Now a man in a different stage of life, Christopher wants to return Pooh quickly to the Hundred Acre Wood, in Sussex, so that he can get back to crunching numbers for his company. He repeatedly disavows the simple pleasures and principles by which he once lived. But Pooh, despite being a self-described bear of little brain, keeps steering us back to what is important. “There’s more to life than balloons and honey,” Christopher says. “Are you sure?” Pooh replies. Their back-and-forth permeates—and directs—the story. As they travel, Christopher tries to hide Pooh under his coat, in a telephone booth, and amid crowds. “People don’t like things that are different,” Christopher says. “So I shouldn’t be me?” Pooh asks.

The story’s twists and subplots incorporate Christopher’s other old friends—Piglet, Eeyore, Tigger, Owl, Rabbit, Kanga, and baby Roo. Jim Cummings provides Pooh’s voice—Tigger’s, too—and captures both the woes and simple wonderment of the portly little bear. Brad Garrett is perfect as the ever grumbling Eeyore. “Headed for the waterfall. I’ll be gone soon,” Eeyore says, gloomily, at one point, as he floats helplessly down a stream. “Not that anyone will notice. Just have to go with the flow.”

In fact, the voice actors give the strongest performances in the film. Thanks to some terrific C.G.I., Pooh and his cohort blend seamlessly into Christopher’s real world, and they are visually more appealing, and truer to E. H. Shepard’s early illustrations, than recent cartoon versions of Winnie-the-Pooh. I’ve visited the original stuffed animals, which Christopher Robin Milne bequeathed to the New York Public Library. They reside today in a special section of the Children’s Center, with a painting of the Hundred Acre Wood behind them. I recognized those toys’ worn fuzziness and warm expressions in the characters of this film.

In the movie, Christopher and Pooh share new adventures—getting lost in the fog of a forest, confronting the feared Heffalumps and Woozles, finding a way to salvage Christopher’s company—that each symbolize life’s bigger challenges.

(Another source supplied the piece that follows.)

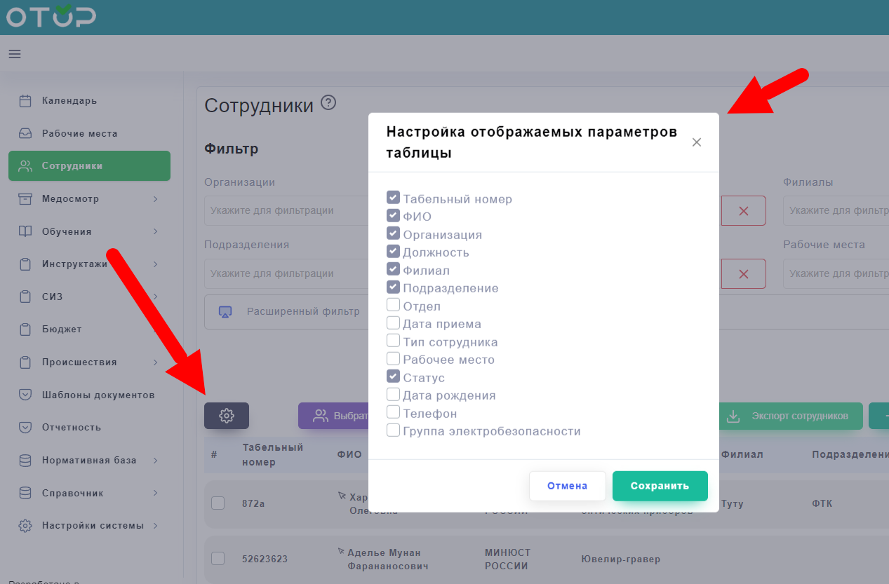 Сам же список сотрудников представляет из себя таблицу, с минимальным количеством данных для опознавания сотрудника в списке.

The movie is whimsical but subtly value-laden, pro-labor and anti-bullying. It carries a message about mindfulness and the strength of the human spirit. And, along the way, Christopher and Pooh rekindle their connection. “I’m not who I used to be. I’m lost,” the man confesses to his childhood chum. “You need to remember who you are,” Pooh replies. He invokes the theory of nothingness. “People say nothing is impossible, but I do nothing every day,” Pooh says. “Doing nothing often leads to the very best of something.”

The exchange reminded me of what Benjamin Hoff wrote in “The Tao of Pooh,” in 1982, to explain why Milne’s little bear was one of the world’s great Taoist masters. “While Eeyore frets and Piglet hesitates and Rabbit calculates and Owl pontificates, Pooh just is. And that’s his clue to the secret wisdom of the Taoists,” Hoff wrote. “When you discard arrogance, complexity, and a few other things that get in the way, sooner or later you will discover that simple, childlike, and mysterious secret known to those of the Uncarved Block: Life is fun.”

Pooh puts it succinctly in “Christopher Robin”: “There’s always time for a smackeral of wonder.” But it was another line that stuck with me, about the passage of childhood, of summer’s simplicity, and of life’s innocence. “I would have liked it to go on longer,” Pooh muses. Wouldn’t we all.